Get the mean profile

p_mean = p.mean()
# p.shape=(300, 100)
# p_mean.shape=(1, 100)

# Plotting
pf = eck.ProfileFigure().plot(p_mean, value_range=(0,1))
pf.save(filepath="ts_mean_profile.png")
ts_mean_profile.png
ts_mean_profile.png

Apply rolling mean (or moving average)

p_roll = p.rolling_mean(20, axis=0)
# p.shape=(300, 100)
# p_roll.shape=(300, 100)

# Plotting
cf = eck.CurtainFigure().plot(p_roll, value_range=(0,1))
pf.save(filepath="ts_rolling_curtain.png")

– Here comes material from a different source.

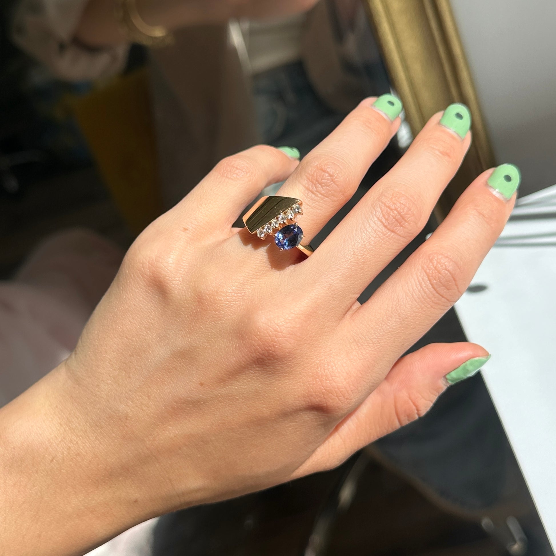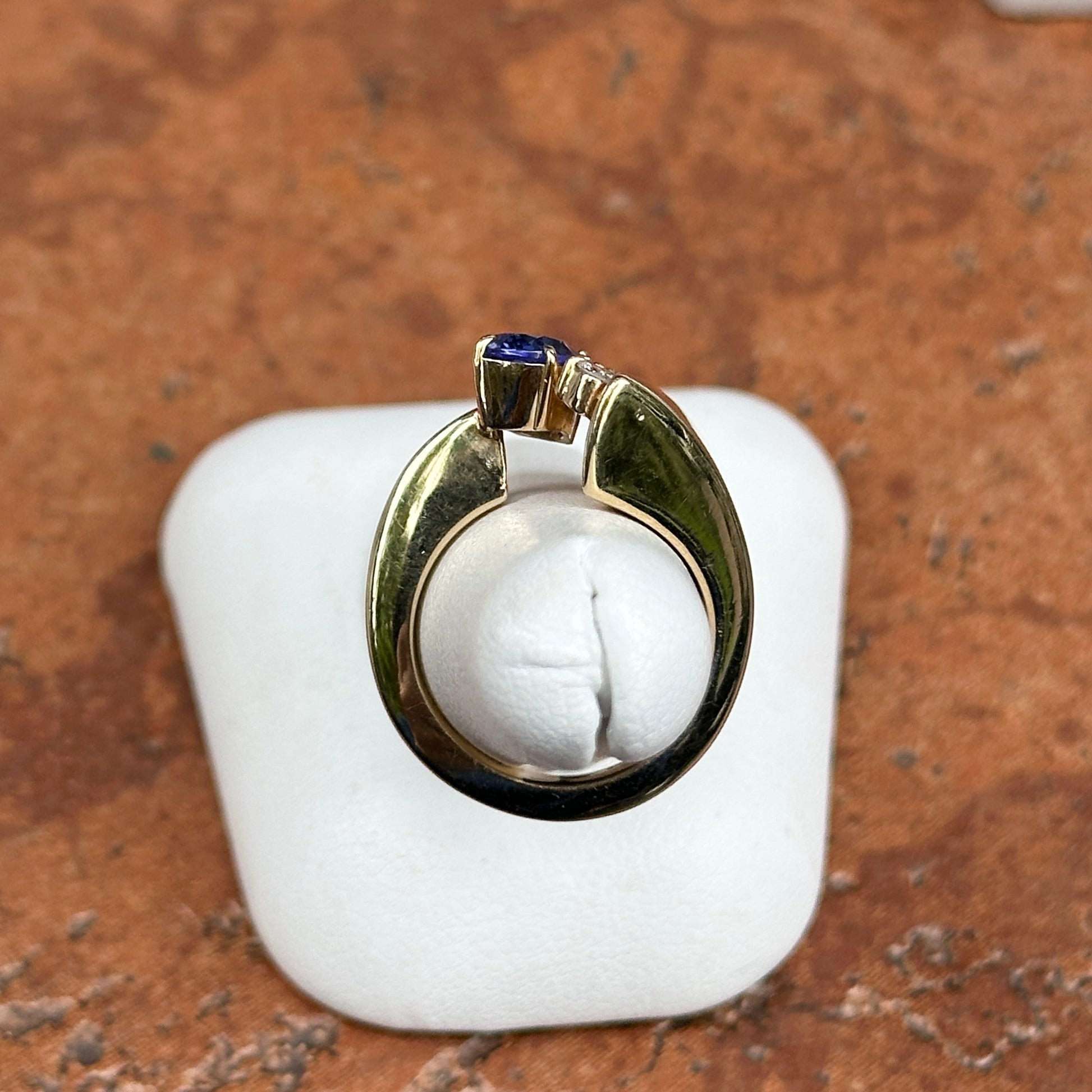 Estate 14K Yellow Gold Oval Tanzanite and Round Diamond Ring

pf = eck.ProfileFigure().plot(p_roll, value_range=(0,1))
pf.save(filepath="ts_rolling_profile.png")
ts_rolling_curtain.png ts_rolling_profile.png
ts_rolling_curtain.png ts_rolling_profile.png

Coarsen profiles

p_coarsened = p.coarsen_mean(20)
# p.shape=(300, 100)
# p_coarsened.shape=(15, 100)

# Plotting
cf = eck.CurtainFigure().plot(p_coarsened, value_range=(0,1))
cf.save(filepath="ts_coarse_curtain.png")

pf = eck.ProfileFigure().plot(p_coarsened, value_range=(0,1))
pf.save(filepath="ts_coarse_profile.png")
ts_coarse_curtain.png ts_coarse_profile.png
ts_coarse_curtain.png ts_coarse_profile.png

Rebin to new height bins

height_bin_centers = [0, 5e3, 10e3, 15e3, 20e3, 25e3, 30e3, 35e3, 40e3]
p_rebinned_height_mean = p.rebin_height(height_bin_centers)
p_rebinned_height_interp = p.rebin_height(height_bin_centers, method="interpolate")

# Plotting
cf = eck.CurtainFigure().plot(p_rebinned_height_mean, value_range=(0,1))
cf.save(filepath="ts_rebin_height_mean_curtain.png")

cf = eck.CurtainFigure().plot(p_rebinned_height_interp, value_range=(0,1))
cf.save(filepath="ts_rebin_height_interp_curtain.png")
ts_rebin_height_mean_curtain.png ts_rebin_height_interp_curtain.png
ts_rebin_height_mean_curtain.png ts_rebin_height_interp_curtain.png

Rebin to new time bins

time_bin_centers = pd.date_range("20250101T00", "20250101T12", periods=30)  # 30 instead of 300 time bins
p_rebinned_time_mean = p.rebin_time(time_bin_centers)
p_rebinned_time_interp = p.rebin_time(time_bin_centers, method="interpolate")

# Plotting
cf = eck.CurtainFigure().plot(p_rebinned_time_mean, value_range=(0,1))
cf.save(filepath="ts_rebin_time_mean_curtain.png")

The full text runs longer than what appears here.